MMA also uses the 10-point must system, but has no knockdown rules. Therefore, if you lose the round, you get 9 points. If you're utterly dominated from start to finish, you'll get 8 points. Barring fouls, there's basically no way to get fewer than 8, as a fighter who is performing that poorly would be rescued by the referee.
In practice, 10-9s are more or less the only score used in MMA fights. Because there is no objective criteria for scoring a 10-8 (unlike in boxing), they are rarely scored. To avoid making things uneven, 10-10s (draw rounds) are also then rarely scored. In practice, the 10 point system for MMA becomes a 1-point scale.
In competitive debating tournaments
In one scoring system, 75 is considered an average speech, and virtually all speaker scores fall between about 70 and 80, with 79 or 80 being a demigod level speech.
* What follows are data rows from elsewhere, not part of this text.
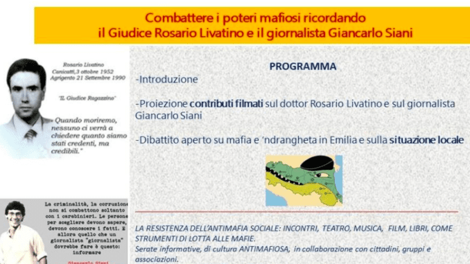 “Combattere i poteri mafiosi ricordando il Giudice Rosario Livatino ed il giornalista Giancarlo Siani”. Le serate di cultura antimafiosa, promosse da 100×100 in movimento-APS presso la Biblioteca di strada del Comune di Piacenza, proseguono martedì 29 settembre 2020 alle ore 21.00.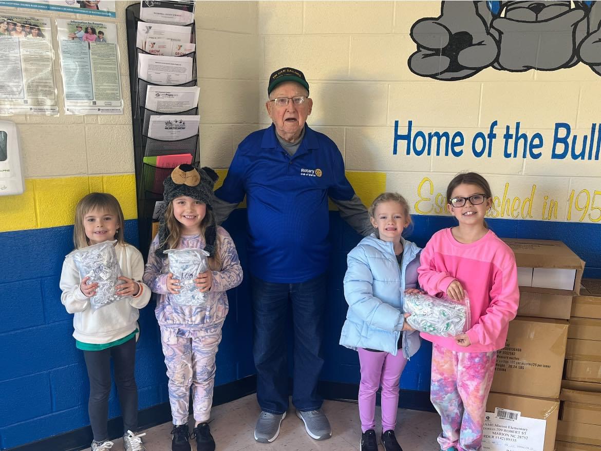 The Rotary Club of Marion members distributed 3,000 individually packaged earbuds in sets of 200 for each of McDowell County's 15 public schools. Providing this resource ensures equitable access for students in need--allowing the principals and school counselors a resource to do so.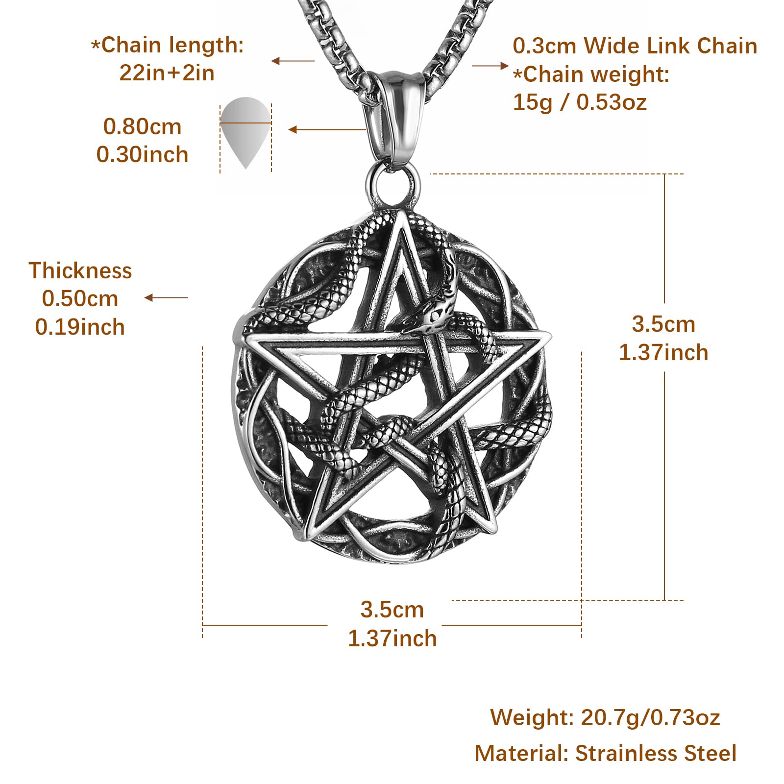 Size: The pentagram necklace measures 3.5cm x 3.5cm / 1.37in x 1.37in, weighs 20.7g and comes with a 22 + 2 inch chain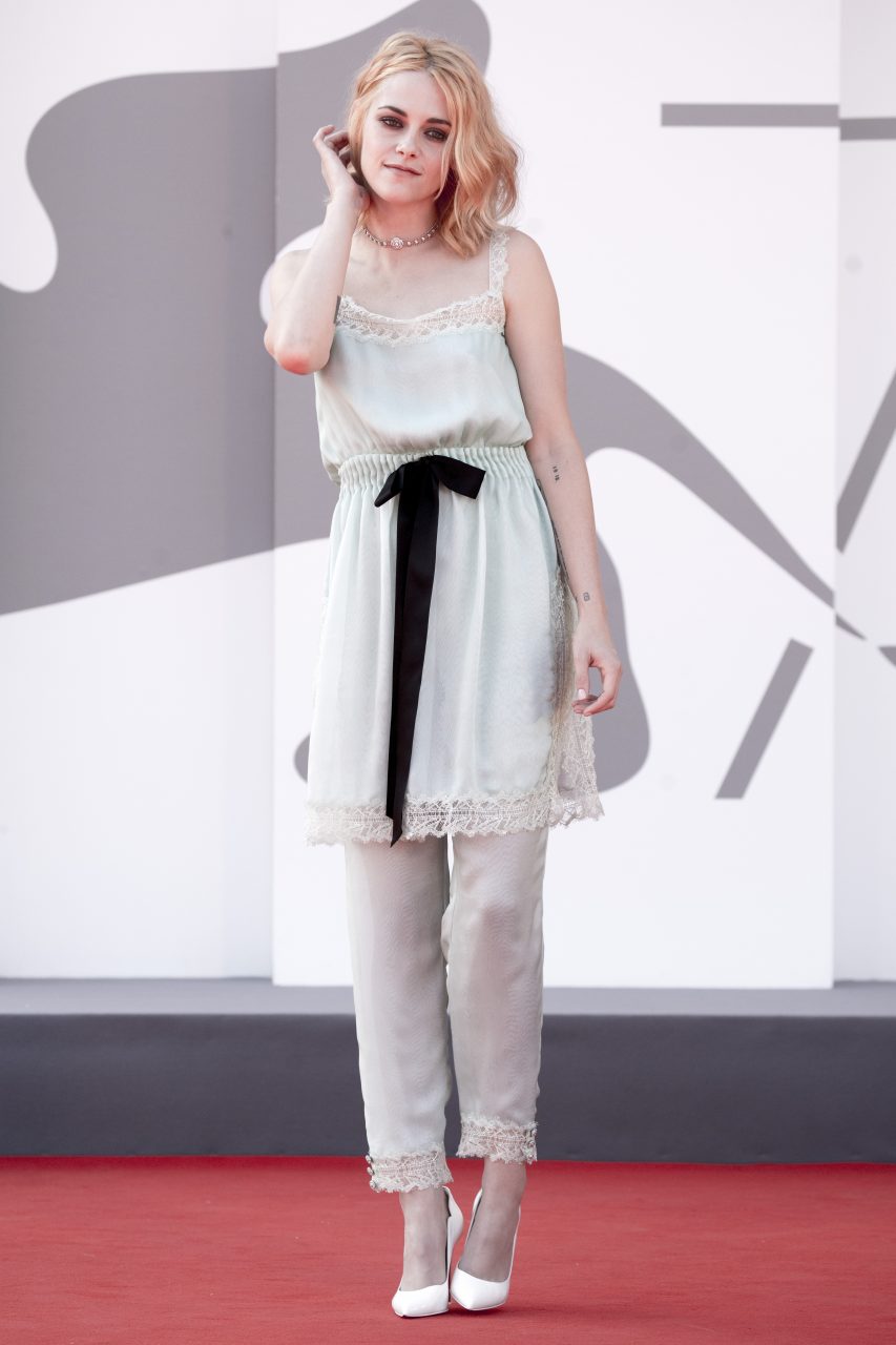 2021年威尼斯影展期間,Kristen Stewart 身穿 Chanel Metiers D’art 2020 造型亮相。

Supposedly if someone simply gets up, repeats the topic of the debate, and sits down, that's about a 50. Getting enough judges for a debate can be a problem; often the judging forms are very specific to try to get around the fact that some judges may be, effectively, people who wandered in because they smelled coffee. There are forms where the judge is asked to circle a number from 1 to 5 on 20 different categories, then add the numbers up to give the final score. Since in some categories a 2 is roughly equivalent to "Did not mumble incomprehensible gibberish during the entirety of the debate," 40-50 is about the lowest score you can get if you even attempt to look like you're self-aware.
In other formats, each competitor's score is determined by adding the judges' individual scores, each one out of fifty points. Judges are instructed to both score and rank each competitor. Where the fun begins is that judges aren't allowed to give tied scores, and scores are only allowed to differ from each other by one point. The result being that first place, in every round, automatically carries a 50, second place a 49, and so on. Even if a competitor starts his piece over more than once (which automatically carries a ten-point penalty or worse, depending on the format) they're often just given the last place score. Few judges ever rock the vote; a judge who awards a first place a 49 (let alone, say, a 45) is regarded as being unfamiliar with the format. The dark irony hits when you realize that the most veteran judges are the ones willing to be tough; judges who don't know their way around the competition usually just punt it.
Rivals.com, a football recruiting site, ranks prospects using the standard 1-5 star scale. Then they have a vague additional ranking system that ranks players on a 4.9-6.1 scale.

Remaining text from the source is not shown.